Solving Recurrent Relation

Question

$a_{1}=\dfrac{3}{5}$ , $~$ $a_{n+1}=\sqrt{\dfrac{2a_{n}}{1+a_{n}}}$ $~$ $(n\geq 1)$

Find the closed form of $a_{n}$

Answer 1

Let $b_n = 1/a_n$. Then

$$b_{n+1}^2 = \frac{1+b_n}{2}$$

Sorry if this is kind of a deux ex machina, but you might be able to recognize that the above recurrence fits the pattern of the cosine half-angle formula. That said, the initial condition won't allow for a cosine solution...but it will allow for a hyperbolic cosine solution, which satisfies the same half-angle identity.
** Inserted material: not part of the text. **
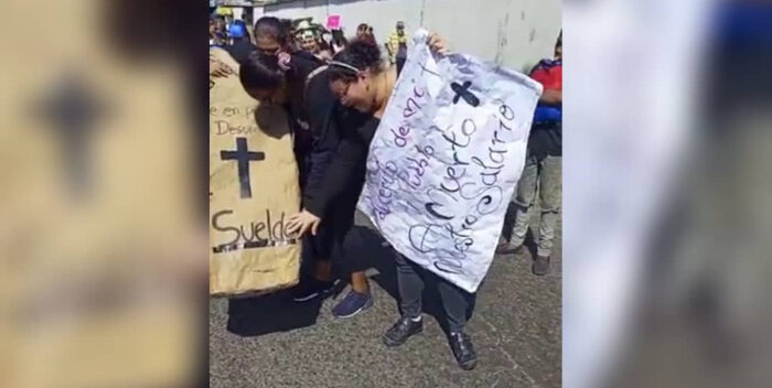 Durante la manifestación, los maestros lloraron «la muerte» del salario mínimo. “Y no, y no, y no me quiero ir, yo quiero un sueldo digno pa’ quedarme en mi país», corearon.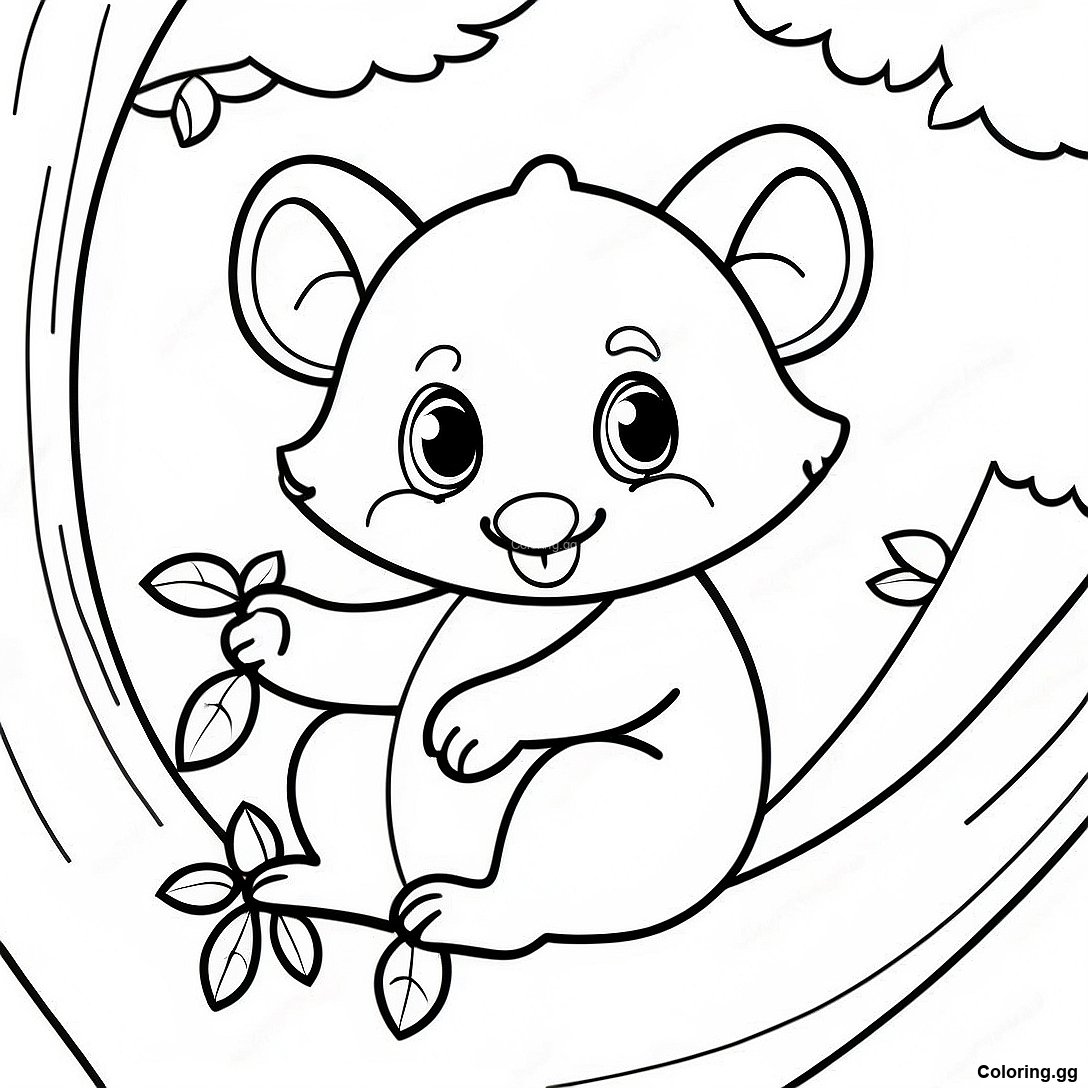 ดาวน์โหลด PDF ที่พิมพ์ได้ของ หน้าระบายสีพอสซัมที่น่ารักในต้นไม้

Then you can write that

$$b_n = \cosh{\left ( \frac{\theta}{2^n}\right)}$$

and

$$a_n = \text{sech}{\left ( \frac{\theta}{2^n}\right)}$$

$$a_1 = \frac{3}{5} \implies \theta = 2 \,\text{arcsech}{\left ( \frac{3}{5}\right)} = 2 \log{3}$$

Therefore

$$a_n = \text{sech}{\left ( \frac{\log{3}}{2^{n-1}}\right)} = \frac{2}{\displaystyle 3^{1/2^{n-1}} + 3^{-1/2^{n-1}}}$$